Tres años después, en El idearium español, Ganivet vuelve sobre aquella entrevista, con mayores precisiones. El hospital donde encuentra al nicaragüense es el Stuyvenberg, el mismo donde Vincent van Gogh había sido internado en 1886, contagiado de sífilis, el terrible mal gálico de entonces, por una prostituta del puerto. Y ahora recuerda el nombre del nicaragüense:
“…Uno de los empleados del establecimiento me condujo a donde se hallaba el moribundo… «Yo no soy español —me dijo—; pero aquí no me entienden, y al oírme hablar español han creído que era a usted a quien yo deseaba hablar… me llamo Agatón Tinoco. «Entonces —interrumpí yo—, es usted español por tres veces. Voy a sentarme con usted un rato, y vamos a fumarnos un cigarro como buenos amigos. Y mientras tanto, usted me dirá qué es lo que desea». «Ya nada, señor; no me falta nada para lo poco que me queda que vivir: sólo quería hablar con quien me entendiera, porque hace ya tiempo que no tengo ni con quién hablar».

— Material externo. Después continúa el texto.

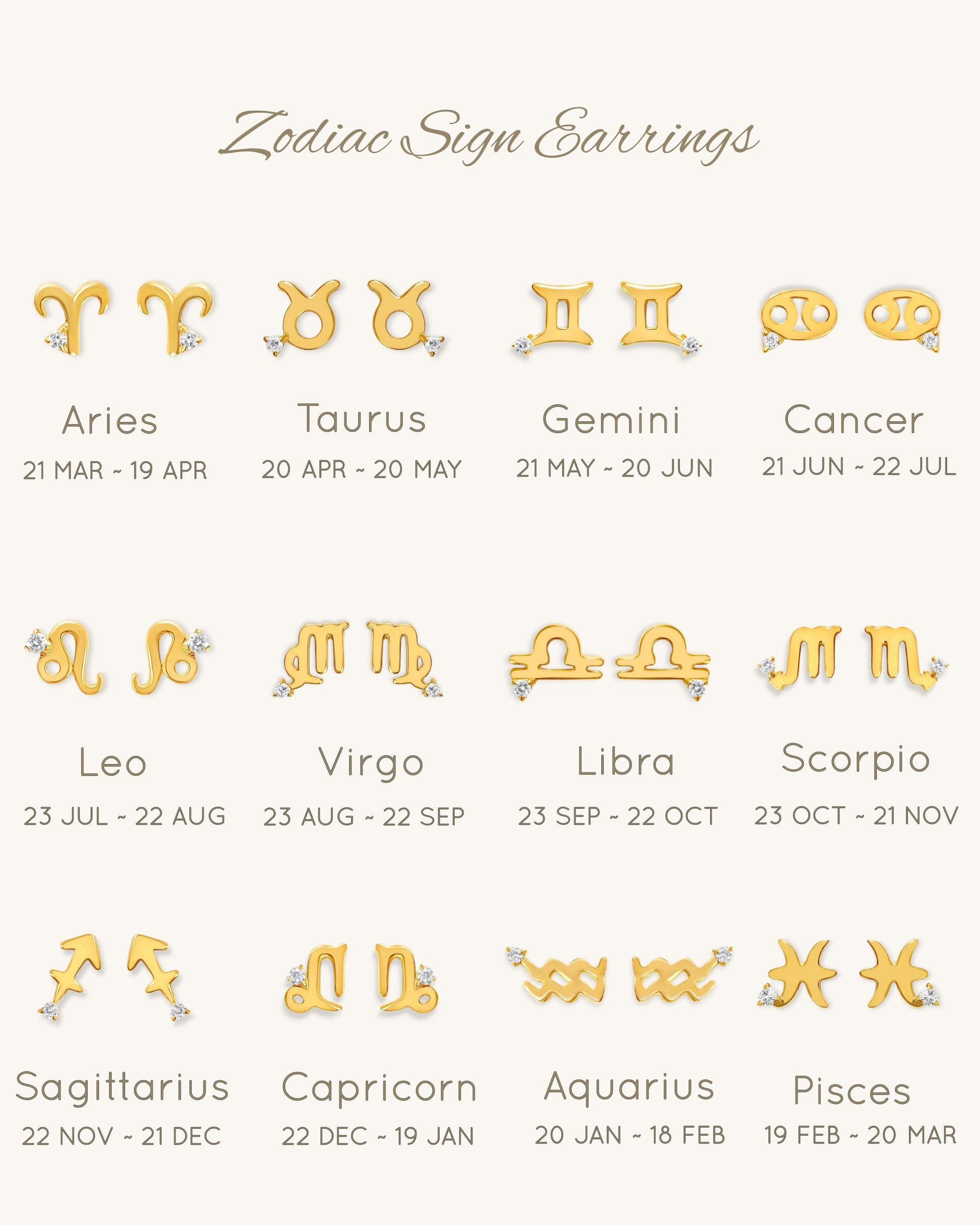 Let's get astrological. This contemporary design, featuring petite star signs and set of brilliant zirconia accent, is the only horoscope jewellery you need. Gift yourself and your loved ones for personalized feels. Created for you in 925 sterling silver with 18ct gold plating, you'll want to wear these fine earrings always and never take them off, even when swimming or in the shower.
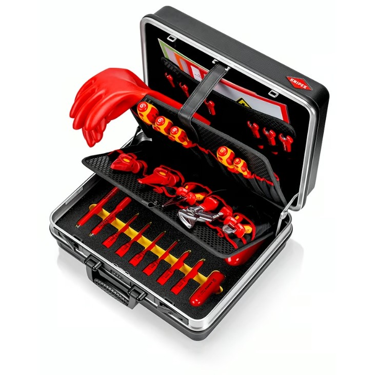 Knipex 00 21 05 EV. Produktfarbe: Rot, Gelb. Breite: 410 mm, Tiefe: 410 mm, Höhe: 187 mm. Anzahl Werkzeuge: 34 Werkzeug
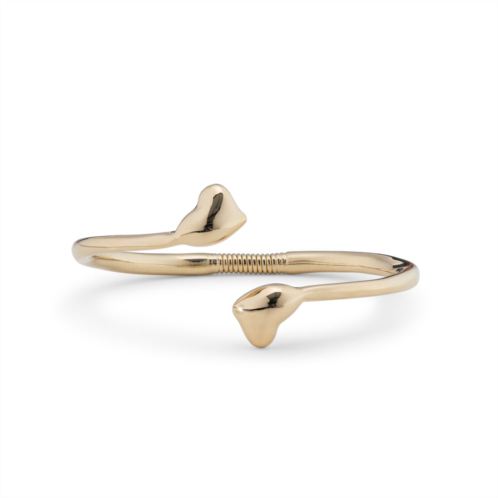- Two sculpted hearts sit at each end of this spring-loaded metal bracelet.
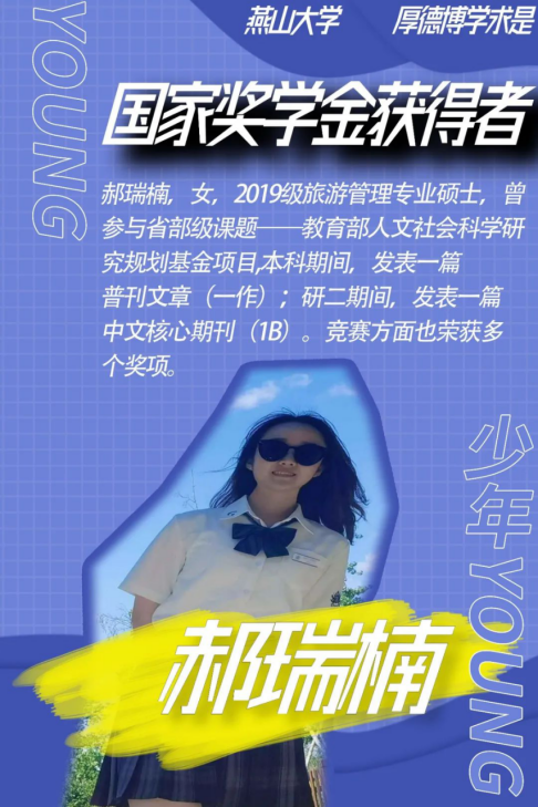 她无论是在生活和学业上都有着不俗的成绩。在科研学习上,曾参与省部级课题——教育部人文社会科学研究规划基金项目“高铁条件下京津冀区域旅游效率分析及协同提升路径研究”,本科期间,发表一篇普刊文章(一作);研二期间,发表一篇中文核心期刊(1B)。竞赛方面也荣获多项奖状:2020-2021年硕士研究生国家奖学金、第三届全国大学生旅游设计大赛二等奖、全国大学生金融精英挑战赛优秀奖、哔咔漫画
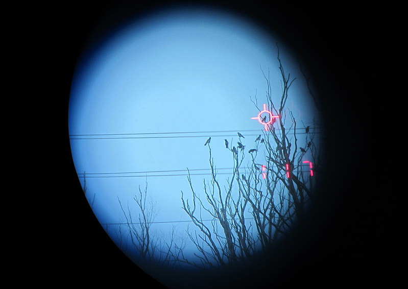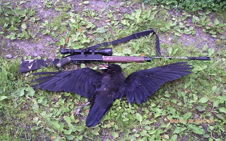 Сказано - сделано! Осторожно приоткрыв окно выцеливаю точно в крыло самозабвенно орущую ворону и ак-к-куратненько жму на спуск. Щелчок. В оптику вижу как ворона одновременно закрывает клюв и глаза и :падает на головы старушкам. Видимо легкий колпачек таки прилично разогнался и пройдя между пером работал внутри тушки словно рубильник(просто «выключился свет» ).
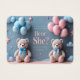 Celebrate your special moment with this adorable teddy bear gender reveal invitation. Featuring two fluffy teddy bears holding pastel blue and pink balloons, surrounded by dreamy clouds and stars. The elegant “He or She?” design makes it the perfect choice for baby shower parties, gender reveal events, or family celebrations. A modern, charming, and timeless design that will make your invitations unforgettable.
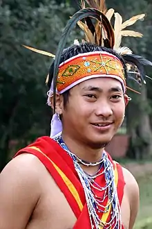 The Garo people are a Tibeto-Burmese ethnic group who live mostly in the Northeast Indian state of Meghalaya with relatively few people in neighboring Bangladesh.[4][5] Historically, the name Garo was used for a large number of different peoples living on the southern bank of Brahmaputra river, but now refers primarily to those who call themselves A•chik Mande (literally "hill people," from A•chik "bite soil" + mande "people") or simply A•chik or Mande and the name "Garo" is now being used by outsiders as an exonym.[6] They are the second-largest tribe in Meghalaya after the Khasi and comprise about a third of the local population.
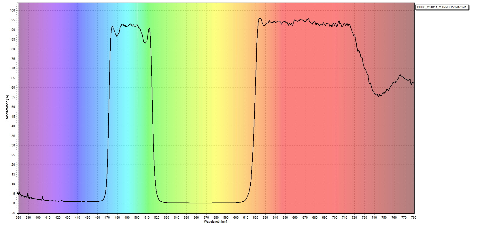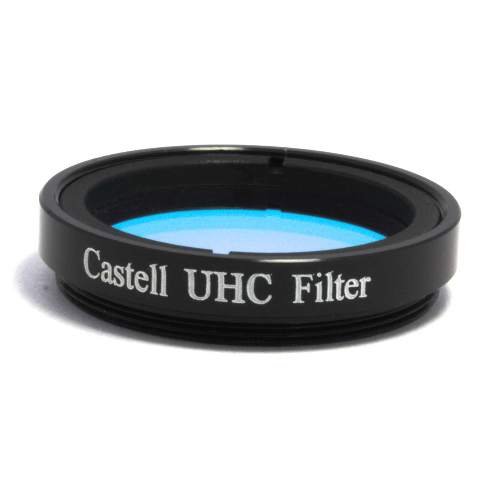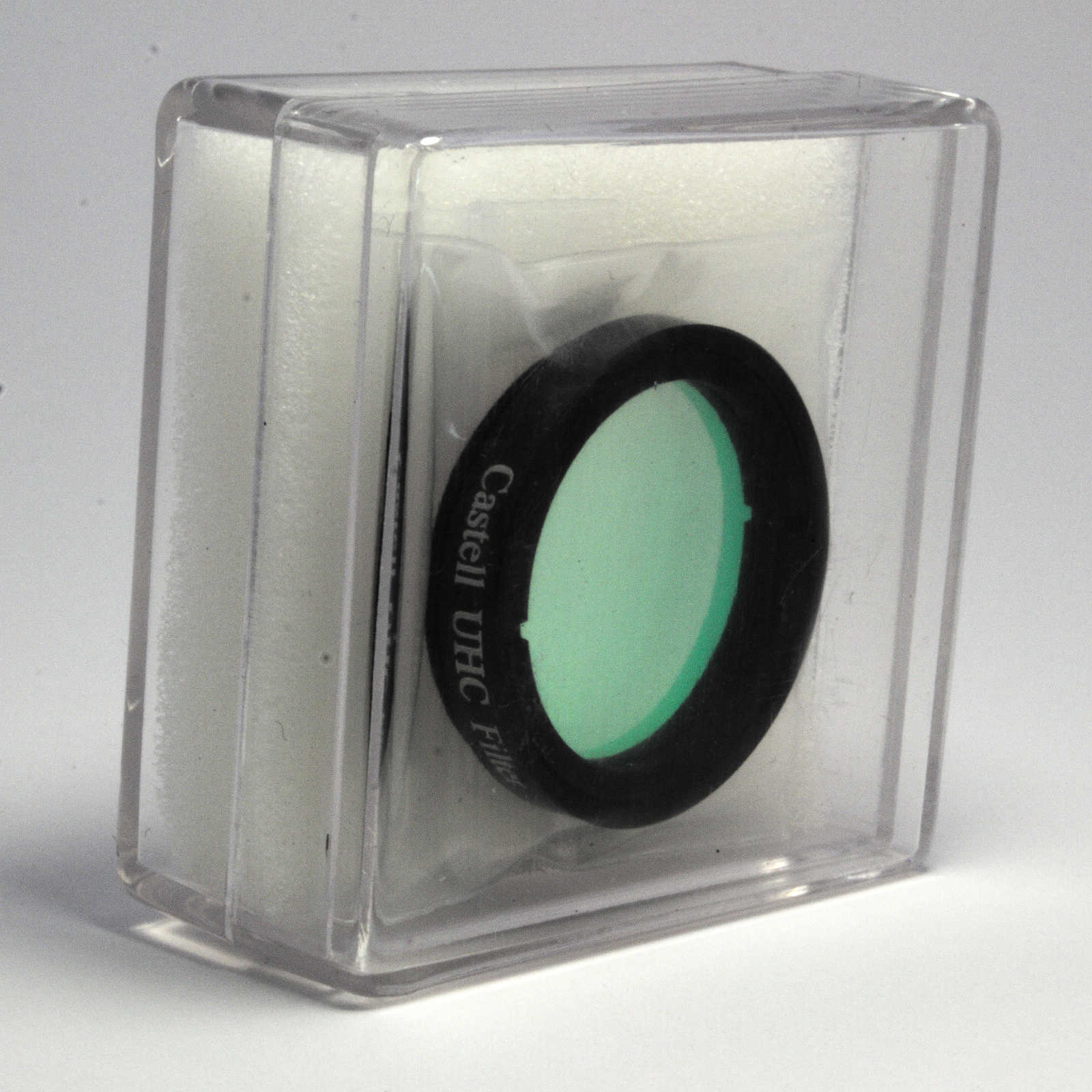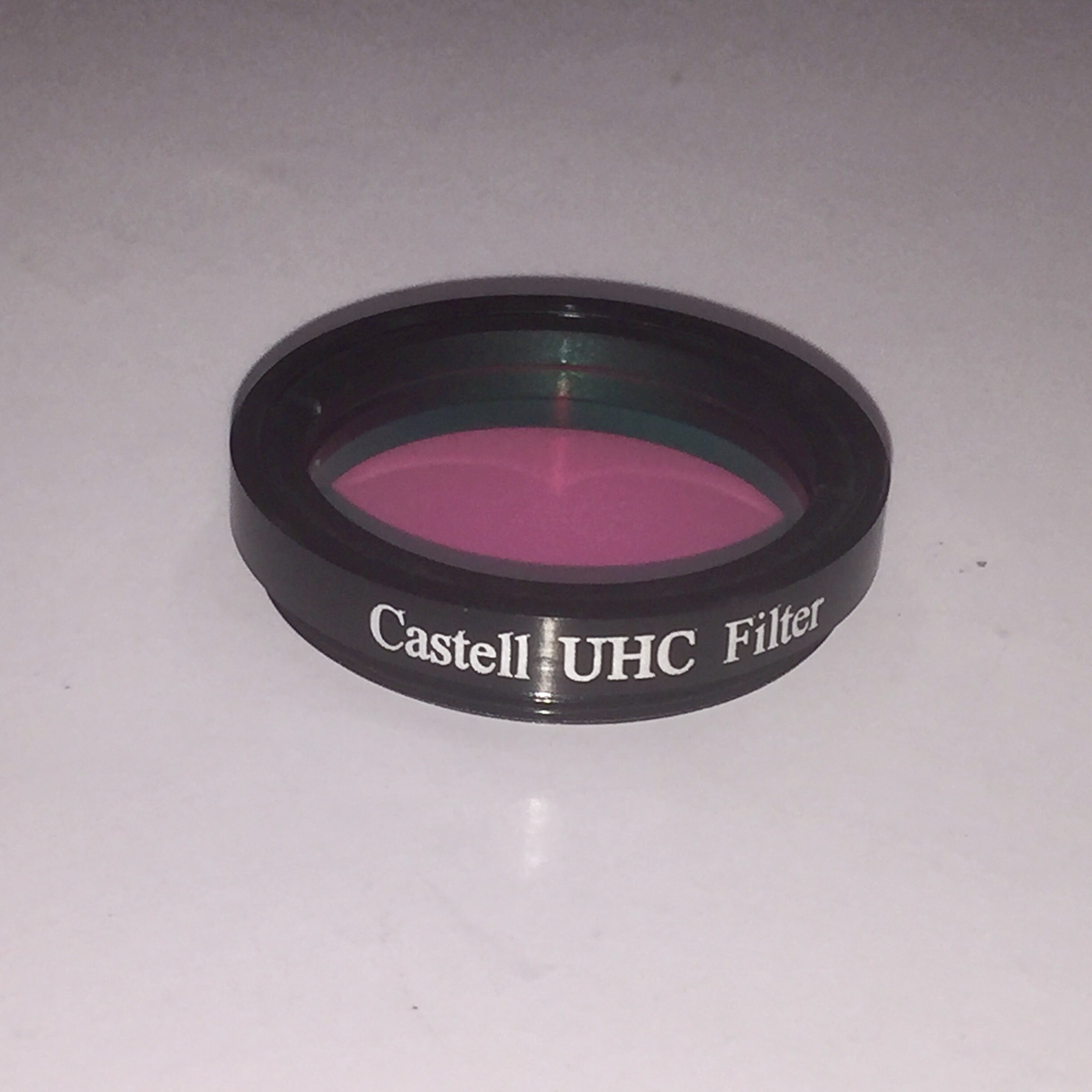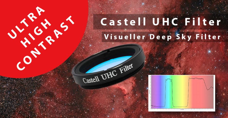 steigert entscheidend den Kontrast bei Lichtverschmutzung. Die UHC (Ultra High Contrast) Filter sperren einen Grossteil des künstlich erzeugten Streulichts aus, aber lassen genau den Bereich der H-Beta, H-Alpha, S-II und O-III Spektrallinien durch. Der Effekt an selbstleuchtenden Nebeln ist drastisch: Die Lichtverschmutzung im Teleskop wird auf einen Bruchteil reduziert, aber das Licht der Emissionsnebel geht praktisch ungehindert durch. Der Himmelhintergrund wird abgedunkelt, und das Objekt springt förmlich hervor. Durch den Durchlass im Roten auch als starker fotografischer Nebelfilter geeignet.

«Amigo Tinoco —le dije yo después de escuchar su relación—, es usted el hombre más grande que he conocido hasta el día; posee usted un mérito que sólo está al alcance de los hombres verdaderamente grandes: el de haber trabajado en silencio; el de poder abandonar la vida con la satisfacción de no haber recibido el premio que merecían sus trabajos…”
Algo desentona en este cuadro: el que Ganivet convide a compartir un cigarro a un moribundo convertido en un esqueleto ocre, en la sala de contagios de un hospital. Y desentona que despache en una larga parrafada retórica todo lo que supuestamente le dijo al desgraciado, en tono moralizante: “la llamarada de orgullo, de íntimo y santo orgullo, que le alumbrará con luz muy hermosa los últimos momentos de su vida…”. Esa misma noche mi paisano andariego, que sólo quería hablar por última vez con alguien en su propio idioma, expiró.
Y si en verdad Ganivet tuvo el ánimo de endilgarle aquel discurso tan prolijo, él mismo, al abandonar el hospital reflexionó sobre la vacuidad de sus palabras, pues al final de su evocación le oímos decir que “si alguna persona de «buen sentido» hubiera presenciado esta escena”, lo habría tomado a él “por hombre desequilibrado e iluso”, y lo censuraría “por haber expuesto semejantes razones ante un pobre agonizante”.
Agatón Tinoco cumplió en el África colonial un destino oscuro, del que ya no llegaremos a saber mucho más, perdido en algún lugar de aquellos que quedaron en la geografía de la infamia, el Estado Libre del Congo inventado por Leopoldo II para explotar en su beneficio personal la extracción de caucho, diamantes y marfil, responsable de la muerte de al menos 8 millones de congoleños, y de mutilaciones, torturas y otras vejaciones. ¿Capataz, peón de alguna plantación, acaso grumete del vapor Roi des Belges en el que Conrad remontó el río Congo en 1890? ¿Victimario, simple testigo?
El destino final de Ganivet tampoco fue muy feliz. Enfermo de sífilis, igual que Van Gogh, un mal que lo acercaba fatalmente a la parálisis y a la demencia, y «aburrido, hastiado, malhumorado, melancólico, abrumado, entontecido», como escribió en una carta, se suicidó en 1898 lanzándose desde un barco trasbordador a las aguas del río Dvina en Riga, donde se hallaba como cónsul de España en Letonia.
Tenía entonces 33 años. Agatón Tinoco, al que encontró en el hospital Stuyvenberg de Amberes cuando llegaba desde el corazón de las tinieblas, y volvía a las tinieblas, no sabemos la edad en que murió.